Story·25 May 2026·7 min read

13 minutes against OWASP Juice Shop: anatomy of a real Pwnkemon scan

A pentest tool that hasn't been pointed at a real, known-vulnerable target is just marketing. So here's Pwnkemon pointed at one: OWASP Juice Shop, the security community's standard intentionally-vulnerable web app. We ran a Standard-tier scan against the public Heroku deployment, didn't pre-load any hints, and let the agent decide what to look for.

Total time: 13 minutes. Total cost: under $1 in compute. Result: 11 confirmed findings, 2 of them Critical, including a SQL injection chain that took the application offline and a JWT signing-key exposure that would let an attacker forge admin sessions.

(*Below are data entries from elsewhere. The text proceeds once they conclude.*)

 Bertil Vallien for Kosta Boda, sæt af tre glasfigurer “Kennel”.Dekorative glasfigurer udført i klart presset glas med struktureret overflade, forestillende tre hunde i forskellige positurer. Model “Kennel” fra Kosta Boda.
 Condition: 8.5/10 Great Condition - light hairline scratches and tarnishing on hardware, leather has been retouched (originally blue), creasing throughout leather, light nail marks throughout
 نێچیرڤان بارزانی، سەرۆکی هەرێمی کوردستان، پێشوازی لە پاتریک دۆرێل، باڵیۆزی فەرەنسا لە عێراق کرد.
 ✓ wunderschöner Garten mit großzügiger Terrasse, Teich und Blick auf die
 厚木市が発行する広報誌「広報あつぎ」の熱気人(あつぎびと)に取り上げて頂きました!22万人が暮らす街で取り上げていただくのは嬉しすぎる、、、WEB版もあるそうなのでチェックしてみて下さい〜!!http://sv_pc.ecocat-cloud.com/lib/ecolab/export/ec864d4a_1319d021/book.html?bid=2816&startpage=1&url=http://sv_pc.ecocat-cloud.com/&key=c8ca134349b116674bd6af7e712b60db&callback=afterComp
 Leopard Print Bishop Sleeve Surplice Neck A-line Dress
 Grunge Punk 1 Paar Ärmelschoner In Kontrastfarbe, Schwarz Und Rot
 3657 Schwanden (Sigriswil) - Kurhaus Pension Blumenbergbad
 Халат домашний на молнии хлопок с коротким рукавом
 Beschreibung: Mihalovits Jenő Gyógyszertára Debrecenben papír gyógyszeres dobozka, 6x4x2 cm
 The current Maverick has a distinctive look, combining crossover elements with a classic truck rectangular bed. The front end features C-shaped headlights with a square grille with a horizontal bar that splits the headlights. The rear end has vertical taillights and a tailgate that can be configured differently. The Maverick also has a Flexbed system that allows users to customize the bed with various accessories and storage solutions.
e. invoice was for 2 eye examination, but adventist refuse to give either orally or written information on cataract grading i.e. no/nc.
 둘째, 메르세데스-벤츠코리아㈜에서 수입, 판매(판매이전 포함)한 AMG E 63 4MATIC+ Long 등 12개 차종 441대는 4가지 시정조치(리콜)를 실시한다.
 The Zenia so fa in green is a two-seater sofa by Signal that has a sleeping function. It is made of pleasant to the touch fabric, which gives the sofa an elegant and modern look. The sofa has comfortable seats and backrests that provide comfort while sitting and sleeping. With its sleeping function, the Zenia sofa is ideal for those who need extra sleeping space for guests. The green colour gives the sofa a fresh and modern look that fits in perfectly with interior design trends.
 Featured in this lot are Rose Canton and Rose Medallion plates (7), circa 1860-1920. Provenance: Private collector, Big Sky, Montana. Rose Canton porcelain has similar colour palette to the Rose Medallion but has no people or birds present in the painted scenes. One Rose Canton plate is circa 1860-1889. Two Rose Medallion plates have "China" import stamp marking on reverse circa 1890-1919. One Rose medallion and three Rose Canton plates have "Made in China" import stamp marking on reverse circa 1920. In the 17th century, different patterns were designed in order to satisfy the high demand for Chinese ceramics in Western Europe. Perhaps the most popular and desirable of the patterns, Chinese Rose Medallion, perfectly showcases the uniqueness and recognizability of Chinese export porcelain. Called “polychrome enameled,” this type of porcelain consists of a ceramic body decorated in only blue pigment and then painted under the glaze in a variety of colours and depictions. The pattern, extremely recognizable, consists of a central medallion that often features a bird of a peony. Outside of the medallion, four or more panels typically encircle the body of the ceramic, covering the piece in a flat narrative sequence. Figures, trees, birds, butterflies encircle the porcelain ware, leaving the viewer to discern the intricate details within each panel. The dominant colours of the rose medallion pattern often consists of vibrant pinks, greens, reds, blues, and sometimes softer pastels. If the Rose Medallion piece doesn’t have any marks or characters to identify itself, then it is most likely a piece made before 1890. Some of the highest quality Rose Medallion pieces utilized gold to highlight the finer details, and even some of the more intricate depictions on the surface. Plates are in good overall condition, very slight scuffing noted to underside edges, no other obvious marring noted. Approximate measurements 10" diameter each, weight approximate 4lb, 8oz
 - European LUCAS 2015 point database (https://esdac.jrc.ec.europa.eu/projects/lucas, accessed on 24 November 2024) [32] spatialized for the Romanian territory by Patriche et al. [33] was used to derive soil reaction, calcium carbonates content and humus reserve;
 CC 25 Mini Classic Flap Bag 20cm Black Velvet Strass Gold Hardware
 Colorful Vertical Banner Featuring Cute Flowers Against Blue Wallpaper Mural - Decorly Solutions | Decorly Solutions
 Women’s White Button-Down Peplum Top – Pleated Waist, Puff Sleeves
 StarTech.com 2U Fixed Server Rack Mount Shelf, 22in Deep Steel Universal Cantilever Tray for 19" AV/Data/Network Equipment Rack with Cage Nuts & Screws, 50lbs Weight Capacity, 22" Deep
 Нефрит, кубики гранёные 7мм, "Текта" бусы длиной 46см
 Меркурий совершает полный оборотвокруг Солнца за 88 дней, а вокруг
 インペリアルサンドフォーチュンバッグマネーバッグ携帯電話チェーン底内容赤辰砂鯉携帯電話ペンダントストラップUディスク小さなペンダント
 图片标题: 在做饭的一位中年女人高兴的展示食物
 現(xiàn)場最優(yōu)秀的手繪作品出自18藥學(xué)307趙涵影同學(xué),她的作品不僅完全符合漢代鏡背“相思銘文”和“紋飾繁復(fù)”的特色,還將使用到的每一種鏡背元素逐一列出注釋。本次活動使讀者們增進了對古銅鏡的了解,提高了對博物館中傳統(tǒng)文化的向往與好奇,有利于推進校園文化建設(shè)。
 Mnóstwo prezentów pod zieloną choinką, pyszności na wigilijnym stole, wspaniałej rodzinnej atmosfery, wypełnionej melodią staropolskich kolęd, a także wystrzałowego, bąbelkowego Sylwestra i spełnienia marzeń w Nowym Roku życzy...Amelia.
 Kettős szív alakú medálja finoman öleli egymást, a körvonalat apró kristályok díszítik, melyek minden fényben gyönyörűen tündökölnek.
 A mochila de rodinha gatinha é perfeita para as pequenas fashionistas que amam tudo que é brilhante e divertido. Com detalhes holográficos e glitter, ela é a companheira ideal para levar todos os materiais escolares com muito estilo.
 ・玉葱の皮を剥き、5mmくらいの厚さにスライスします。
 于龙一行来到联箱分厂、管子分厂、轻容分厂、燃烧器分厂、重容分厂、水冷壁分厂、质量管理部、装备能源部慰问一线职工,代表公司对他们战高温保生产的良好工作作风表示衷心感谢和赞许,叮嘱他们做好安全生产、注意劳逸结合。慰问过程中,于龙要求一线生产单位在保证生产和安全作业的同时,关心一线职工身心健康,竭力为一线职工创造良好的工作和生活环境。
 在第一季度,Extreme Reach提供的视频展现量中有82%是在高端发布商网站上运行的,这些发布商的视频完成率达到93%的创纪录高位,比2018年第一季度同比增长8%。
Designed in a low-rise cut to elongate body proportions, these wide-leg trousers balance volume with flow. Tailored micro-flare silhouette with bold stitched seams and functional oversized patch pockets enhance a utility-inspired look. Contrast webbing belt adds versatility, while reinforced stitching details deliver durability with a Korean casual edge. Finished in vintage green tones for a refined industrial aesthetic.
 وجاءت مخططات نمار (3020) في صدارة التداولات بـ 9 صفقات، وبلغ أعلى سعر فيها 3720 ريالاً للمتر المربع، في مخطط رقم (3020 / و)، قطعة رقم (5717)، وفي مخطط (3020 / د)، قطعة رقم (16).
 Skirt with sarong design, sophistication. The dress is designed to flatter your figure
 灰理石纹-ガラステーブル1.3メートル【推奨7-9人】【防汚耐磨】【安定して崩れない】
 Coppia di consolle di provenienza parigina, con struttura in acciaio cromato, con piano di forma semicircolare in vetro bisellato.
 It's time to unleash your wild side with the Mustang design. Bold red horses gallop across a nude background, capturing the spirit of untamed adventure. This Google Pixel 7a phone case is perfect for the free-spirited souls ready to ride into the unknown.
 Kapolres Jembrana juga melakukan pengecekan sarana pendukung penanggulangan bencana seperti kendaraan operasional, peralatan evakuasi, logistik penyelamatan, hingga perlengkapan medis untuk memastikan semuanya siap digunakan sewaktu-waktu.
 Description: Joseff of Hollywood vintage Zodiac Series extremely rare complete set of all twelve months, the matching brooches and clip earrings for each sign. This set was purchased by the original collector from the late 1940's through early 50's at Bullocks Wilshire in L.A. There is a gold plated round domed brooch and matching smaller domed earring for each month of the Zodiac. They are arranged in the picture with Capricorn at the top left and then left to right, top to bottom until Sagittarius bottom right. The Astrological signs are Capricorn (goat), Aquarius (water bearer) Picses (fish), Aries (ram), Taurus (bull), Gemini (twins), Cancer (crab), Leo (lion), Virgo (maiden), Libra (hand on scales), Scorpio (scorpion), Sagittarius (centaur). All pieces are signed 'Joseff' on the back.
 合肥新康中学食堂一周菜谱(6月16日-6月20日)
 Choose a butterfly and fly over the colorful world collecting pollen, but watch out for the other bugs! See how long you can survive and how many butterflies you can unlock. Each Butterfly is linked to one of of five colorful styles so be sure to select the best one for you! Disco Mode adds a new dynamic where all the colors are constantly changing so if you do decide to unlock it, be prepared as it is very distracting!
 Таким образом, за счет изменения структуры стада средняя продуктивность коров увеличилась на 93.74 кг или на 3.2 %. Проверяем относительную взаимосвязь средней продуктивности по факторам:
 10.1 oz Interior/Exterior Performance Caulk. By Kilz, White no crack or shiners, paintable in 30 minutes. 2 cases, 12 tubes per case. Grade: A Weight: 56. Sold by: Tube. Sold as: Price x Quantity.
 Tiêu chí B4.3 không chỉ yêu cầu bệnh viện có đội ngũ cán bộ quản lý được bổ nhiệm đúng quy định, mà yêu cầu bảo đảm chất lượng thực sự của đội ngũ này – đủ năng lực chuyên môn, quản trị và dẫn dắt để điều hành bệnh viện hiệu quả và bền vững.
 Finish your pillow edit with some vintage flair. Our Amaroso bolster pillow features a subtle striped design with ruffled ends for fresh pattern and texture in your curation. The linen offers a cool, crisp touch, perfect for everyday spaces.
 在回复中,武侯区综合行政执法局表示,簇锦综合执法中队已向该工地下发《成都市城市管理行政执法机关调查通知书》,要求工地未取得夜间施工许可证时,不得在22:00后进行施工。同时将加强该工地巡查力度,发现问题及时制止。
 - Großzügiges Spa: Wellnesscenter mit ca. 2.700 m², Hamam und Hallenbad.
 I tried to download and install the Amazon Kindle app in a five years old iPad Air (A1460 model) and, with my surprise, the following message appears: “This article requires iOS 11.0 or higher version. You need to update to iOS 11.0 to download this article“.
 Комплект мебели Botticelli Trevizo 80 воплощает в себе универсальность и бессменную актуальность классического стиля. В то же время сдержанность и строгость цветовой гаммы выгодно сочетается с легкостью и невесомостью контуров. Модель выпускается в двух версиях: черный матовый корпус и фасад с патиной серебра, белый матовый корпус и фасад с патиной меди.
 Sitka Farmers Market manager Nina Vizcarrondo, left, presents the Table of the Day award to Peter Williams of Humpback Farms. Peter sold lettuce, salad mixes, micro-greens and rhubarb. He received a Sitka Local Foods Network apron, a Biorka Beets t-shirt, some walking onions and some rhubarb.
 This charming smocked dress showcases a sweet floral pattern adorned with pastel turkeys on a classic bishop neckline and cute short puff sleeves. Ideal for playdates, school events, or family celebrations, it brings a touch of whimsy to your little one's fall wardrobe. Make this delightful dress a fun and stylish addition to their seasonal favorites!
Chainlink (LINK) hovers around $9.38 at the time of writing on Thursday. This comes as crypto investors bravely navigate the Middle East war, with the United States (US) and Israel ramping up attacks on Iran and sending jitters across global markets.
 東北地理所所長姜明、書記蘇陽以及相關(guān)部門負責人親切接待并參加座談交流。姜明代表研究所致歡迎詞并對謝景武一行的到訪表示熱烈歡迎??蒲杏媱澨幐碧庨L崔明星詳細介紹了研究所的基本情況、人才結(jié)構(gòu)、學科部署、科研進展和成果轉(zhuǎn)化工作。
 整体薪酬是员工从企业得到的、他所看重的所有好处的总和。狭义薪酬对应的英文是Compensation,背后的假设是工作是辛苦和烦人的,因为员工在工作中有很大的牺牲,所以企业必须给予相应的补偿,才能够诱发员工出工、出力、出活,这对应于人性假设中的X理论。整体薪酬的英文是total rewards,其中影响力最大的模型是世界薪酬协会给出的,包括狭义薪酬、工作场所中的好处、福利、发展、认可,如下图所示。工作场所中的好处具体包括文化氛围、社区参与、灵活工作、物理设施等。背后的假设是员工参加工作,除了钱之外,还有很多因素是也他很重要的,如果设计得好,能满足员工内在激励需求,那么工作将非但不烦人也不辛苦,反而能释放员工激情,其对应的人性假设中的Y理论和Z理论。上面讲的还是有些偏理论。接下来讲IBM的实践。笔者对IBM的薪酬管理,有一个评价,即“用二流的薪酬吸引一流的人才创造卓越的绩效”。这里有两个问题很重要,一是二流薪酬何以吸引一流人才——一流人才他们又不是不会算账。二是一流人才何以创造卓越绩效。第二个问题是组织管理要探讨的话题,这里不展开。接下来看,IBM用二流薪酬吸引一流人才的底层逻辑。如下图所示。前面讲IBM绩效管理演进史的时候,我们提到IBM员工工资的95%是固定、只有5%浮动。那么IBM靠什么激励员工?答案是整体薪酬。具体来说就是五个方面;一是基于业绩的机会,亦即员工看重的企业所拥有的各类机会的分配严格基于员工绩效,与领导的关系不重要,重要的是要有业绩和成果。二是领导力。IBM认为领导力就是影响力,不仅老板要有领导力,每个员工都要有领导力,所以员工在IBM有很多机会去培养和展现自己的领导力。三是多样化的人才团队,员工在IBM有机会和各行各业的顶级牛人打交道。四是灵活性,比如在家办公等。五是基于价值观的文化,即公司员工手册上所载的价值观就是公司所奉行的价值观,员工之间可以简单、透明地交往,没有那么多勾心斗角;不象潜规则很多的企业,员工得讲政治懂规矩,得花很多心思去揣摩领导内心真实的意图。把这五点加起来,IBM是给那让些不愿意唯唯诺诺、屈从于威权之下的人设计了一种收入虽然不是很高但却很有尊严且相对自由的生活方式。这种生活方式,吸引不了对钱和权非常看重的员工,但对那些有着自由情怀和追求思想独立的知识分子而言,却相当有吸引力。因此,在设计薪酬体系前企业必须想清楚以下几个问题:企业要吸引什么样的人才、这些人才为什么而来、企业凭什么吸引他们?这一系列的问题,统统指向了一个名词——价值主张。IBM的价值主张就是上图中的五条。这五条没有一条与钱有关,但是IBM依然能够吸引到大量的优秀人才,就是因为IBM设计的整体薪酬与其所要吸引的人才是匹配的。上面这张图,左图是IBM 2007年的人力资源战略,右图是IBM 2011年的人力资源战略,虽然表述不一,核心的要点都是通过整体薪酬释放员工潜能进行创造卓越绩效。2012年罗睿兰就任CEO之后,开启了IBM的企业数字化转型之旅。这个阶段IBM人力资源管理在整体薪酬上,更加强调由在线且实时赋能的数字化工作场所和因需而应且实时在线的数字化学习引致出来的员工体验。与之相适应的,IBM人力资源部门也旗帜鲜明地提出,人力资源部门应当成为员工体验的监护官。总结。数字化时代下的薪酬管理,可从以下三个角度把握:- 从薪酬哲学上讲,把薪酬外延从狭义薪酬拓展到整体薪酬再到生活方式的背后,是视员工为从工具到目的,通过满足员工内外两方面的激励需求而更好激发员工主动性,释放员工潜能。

This post walks through what the agent did, in order, and what made it into the final report.

The setup

Scan target: juice-shop.herokuapp.com, the public OWASP Juice Shop instance. Tier: Standard, the default tier, which unlocks DAST tooling (nuclei, katana) on top of the network + code scanners that ship in every tier. No pre-configured hints. No auth credential. Same flow any Pwnkemon user gets on signup.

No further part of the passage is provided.